Mount Barker's living library
by Ian Hildebrand [Mount Barker Community Library, South Australia, Australia], inCite 28(4):19, April 2007.
“On Australia Day 2007 the Mount Barker Community Library invited residents to borrow a Living Book from South Australia’s first Living Library. The aims of a Living Library are to bring people into contact with someone they might not meet or associate with in their ordinary day-to-day-life, to break down barriers and dissolve stereotypes.

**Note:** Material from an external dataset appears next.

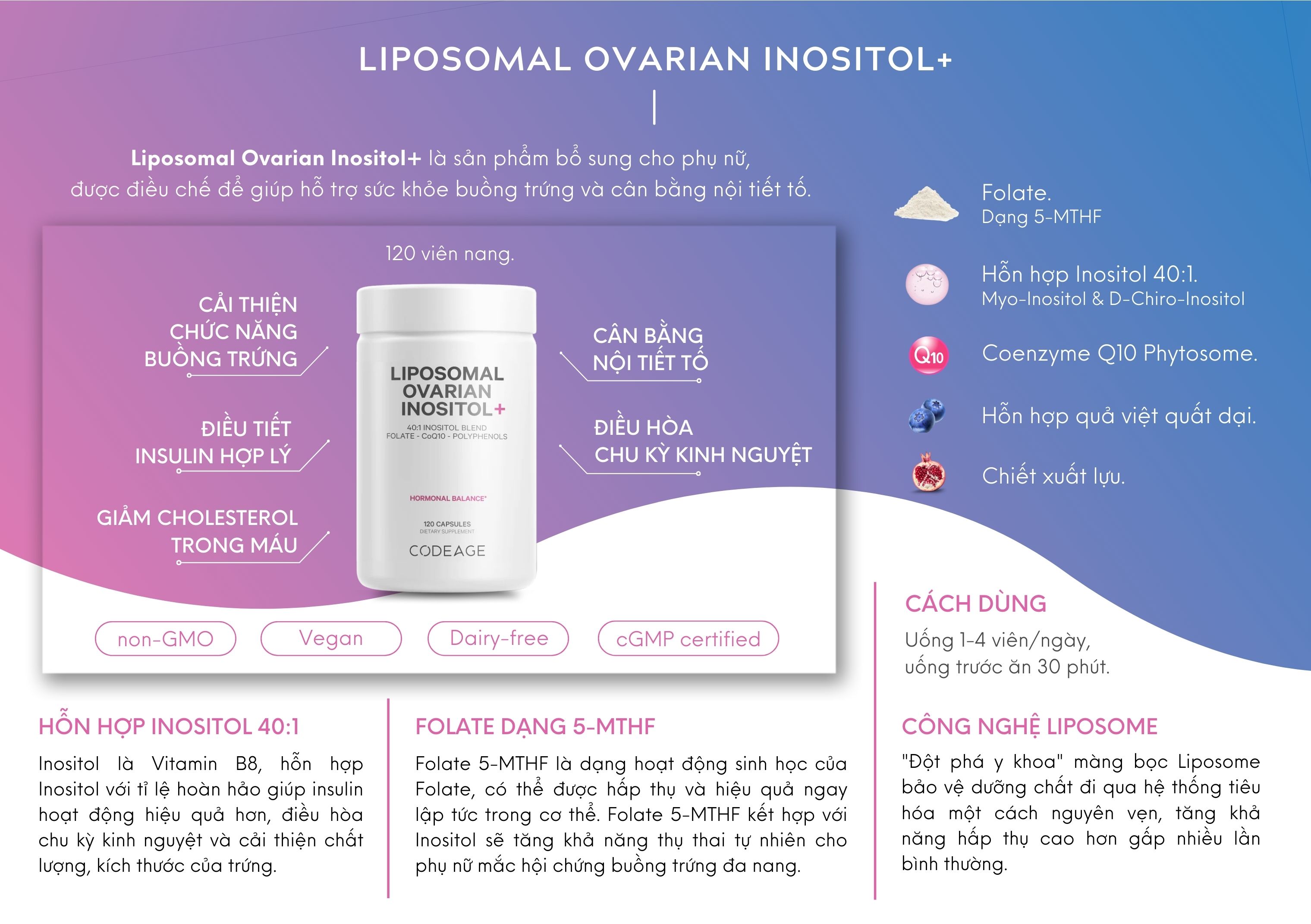 Viên uống Liposomal Ovarian Inositol: Là sản phẩm bổ sung cho phụ nữ, được điều chế để giúp sức khỏe buồng trứng và cân bằng nội tiết tố nữ.

“Readers of the Living Library could check out a Living Book for a half-hour chat, and ask questions about that person’s life. Some of the ‘Books’ in the Living Library were people representing groups frequently confronted with prejudices and stereotypes. Others were South Australians with interesting life stories to share. Living book titles at the Mount Barker Living Library included old people; hippies; a human rights activist; a human zoo participant and animal rights activist; an indigenous woman; a Jewish couple, a Muslim, a Catholic nun, a Chilean refugee, a Vietnam war orphan and a witch.
“All books got a good reading with at least seven loans per title. Best sellers were the Muslim (29 loans); indigenous woman (19 loans); witch (18 loans) refugee (15 loans) and Vietnamese war orphan (13 loans). In total, the 16 Living Books received 152 loans from 58 registered readers during the five-hour duration of the Living Library.
“Lismore [New South Wales] was the first Australian library I know of to hold [a Living Library event] (November 2006). Bayside in Victoria have on planned for Library Week this year (Mount Barker’s second one will also be held during Library Week 2007). A Living Library was held at the Malmo [Sweden] festival in 2005 and they have been operating at youth festivals in Denmark since 2000."